DATA BLOCK:

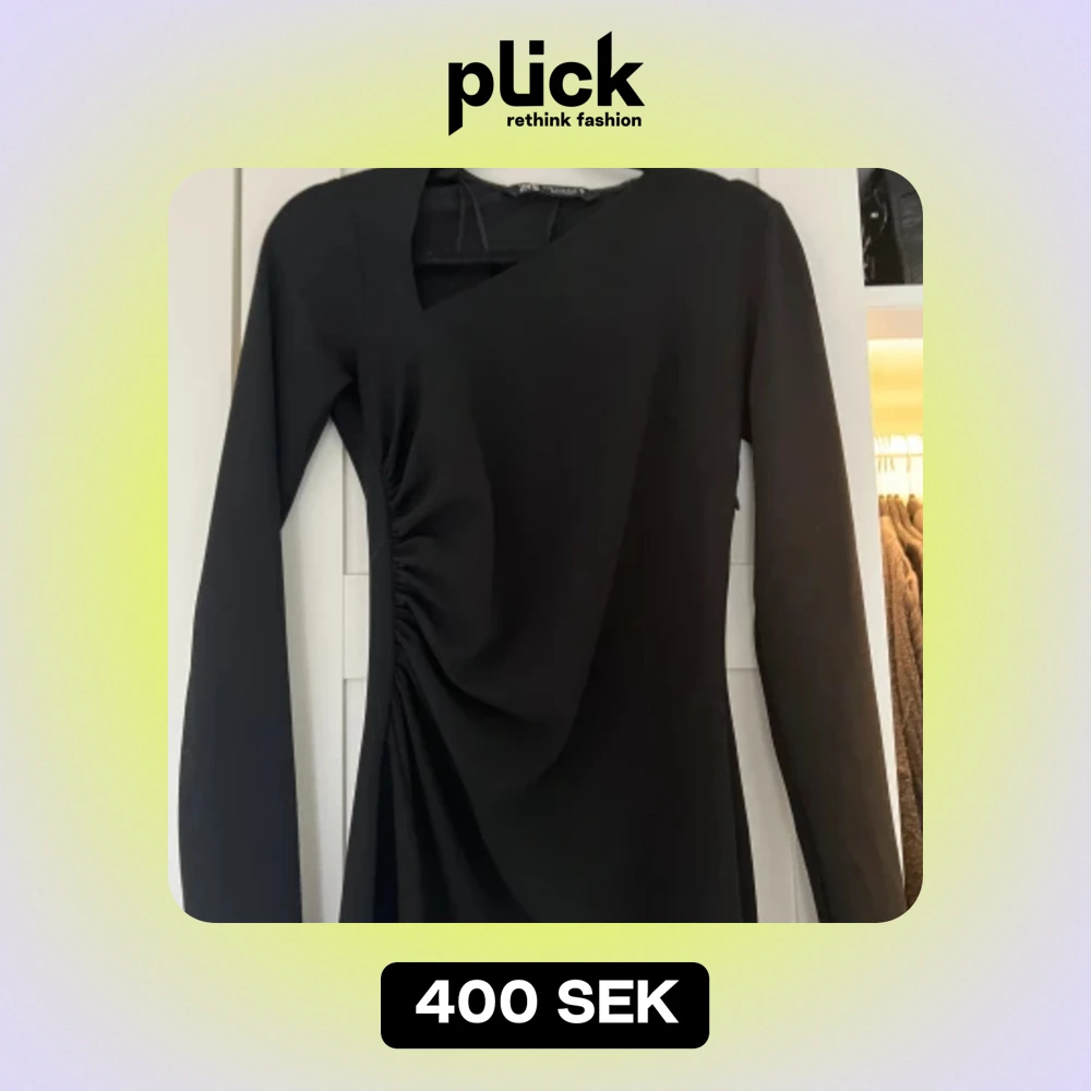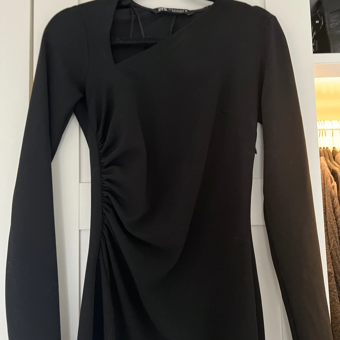 Säljer nu min suuuper fina svarta långklänning från zara🫶🏽 Använd få tillfällen så den är som ny. Snedskuren i fram, rynkdetalj i midjan och med slits.
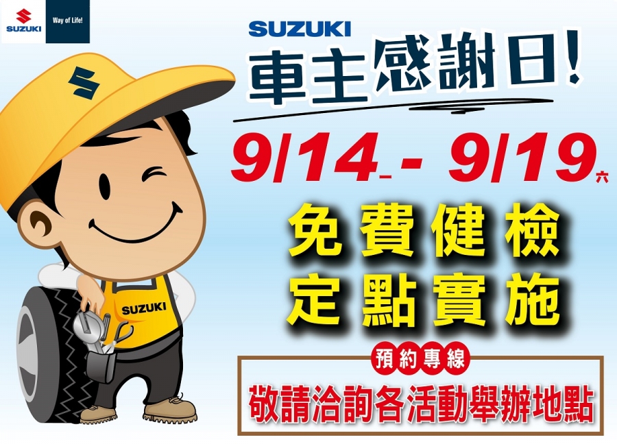 活動期間除健檢服務外,TAIWAN SUZUKI貼心的為參加健診的SUZUKI車友們準備SUZUKI精美的贈品,數量有限送完為止,動作要快喔!
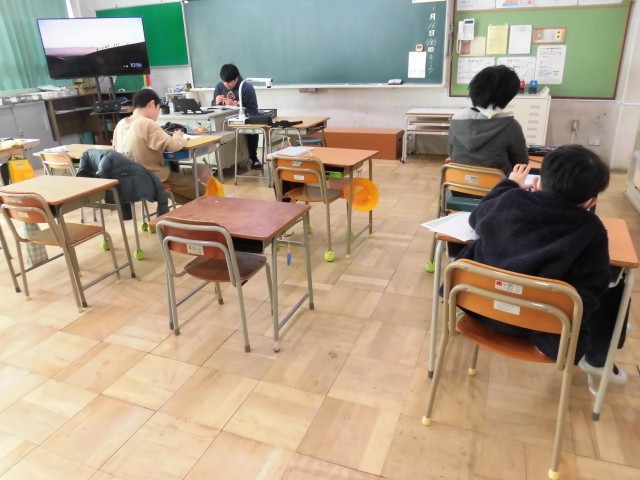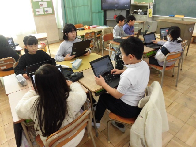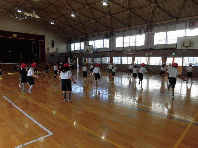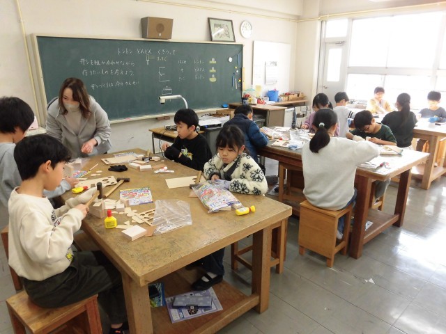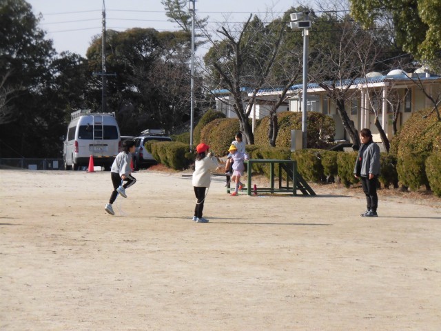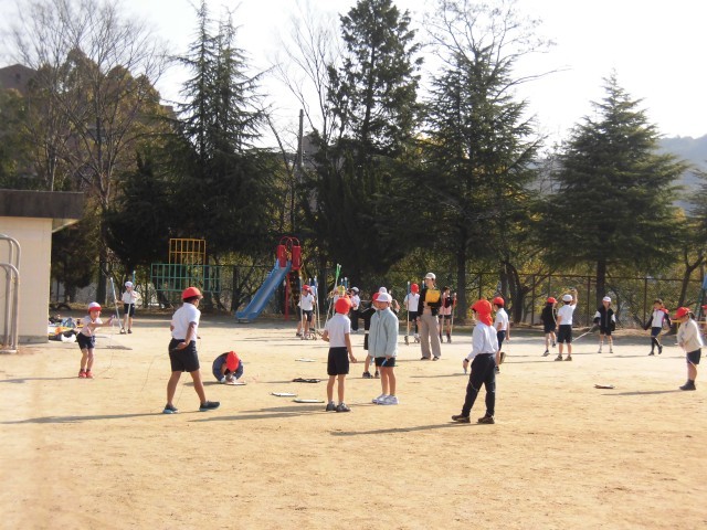今日は暖かい日になりました。今週はなわとびWEEK。1・2年生・4組は、体育の授業でもなわとびを跳んでいました。3年生は、くぎをトントン打って作品つくりや、総合学習の発表の準備・練習をしていました。

TASK OBJECTIVE:
Write out, exactly as they appear, the lines from the one containing "活動期間除健檢服務外,TAI" through the end of the material above, excluding pictures.

TASK SOLUTION:
 活動期間除健檢服務外,TAIWAN SUZUKI貼心的為參加健診的SUZUKI車友們準備SUZUKI精美的贈品,數量有限送完為止,動作要快喔!
今日は暖かい日になりました。今週はなわとびWEEK。1・2年生・4組は、体育の授業でもなわとびを跳んでいました。3年生は、くぎをトントン打って作品つくりや、総合学習の発表の準備・練習をしていました。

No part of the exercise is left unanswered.